▸ The task
Omit the images, then repeat the listing exactly.

▸ Supplied information
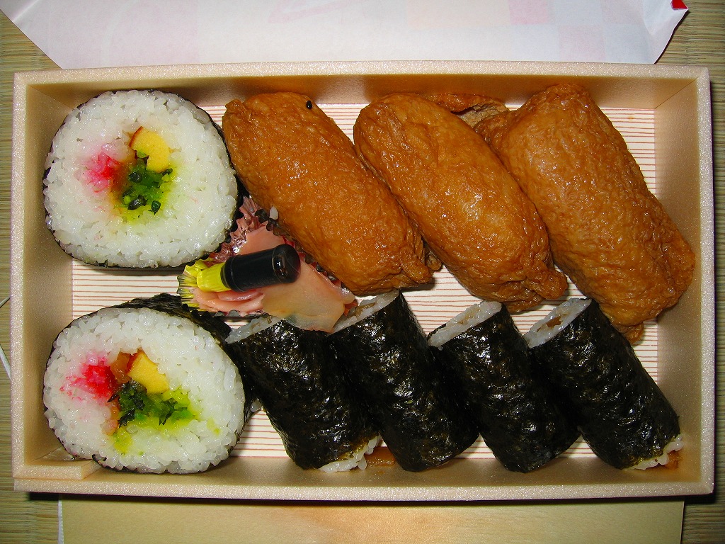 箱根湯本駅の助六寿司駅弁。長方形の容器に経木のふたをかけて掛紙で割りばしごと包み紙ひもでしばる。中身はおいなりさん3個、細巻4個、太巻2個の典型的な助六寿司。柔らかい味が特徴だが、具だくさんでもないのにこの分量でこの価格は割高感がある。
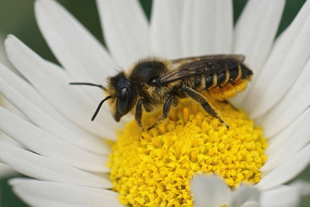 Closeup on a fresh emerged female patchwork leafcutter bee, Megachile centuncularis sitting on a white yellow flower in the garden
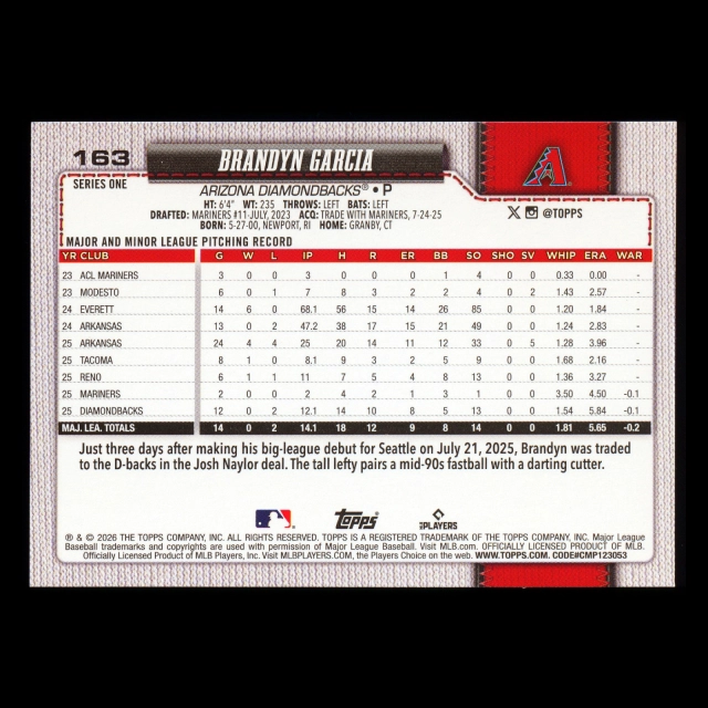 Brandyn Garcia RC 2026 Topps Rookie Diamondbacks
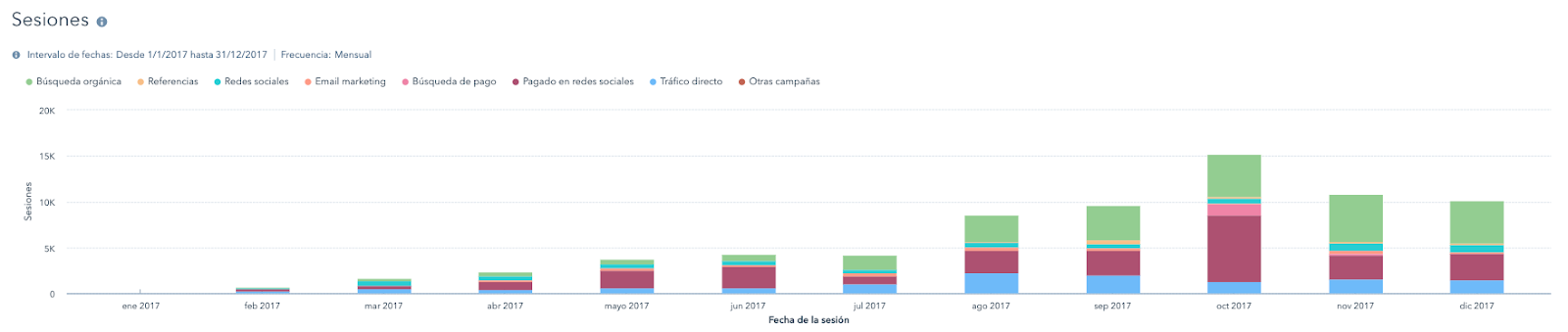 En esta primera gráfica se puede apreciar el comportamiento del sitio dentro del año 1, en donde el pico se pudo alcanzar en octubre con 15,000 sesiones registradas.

▸ Exercise result
 箱根湯本駅の助六寿司駅弁。長方形の容器に経木のふたをかけて掛紙で割りばしごと包み紙ひもでしばる。中身はおいなりさん3個、細巻4個、太巻2個の典型的な助六寿司。柔らかい味が特徴だが、具だくさんでもないのにこの分量でこの価格は割高感がある。
 Closeup on a fresh emerged female patchwork leafcutter bee, Megachile centuncularis sitting on a white yellow flower in the garden
 Brandyn Garcia RC 2026 Topps Rookie Diamondbacks
 En esta primera gráfica se puede apreciar el comportamiento del sitio dentro del año 1, en donde el pico se pudo alcanzar en octubre con 15,000 sesiones registradas.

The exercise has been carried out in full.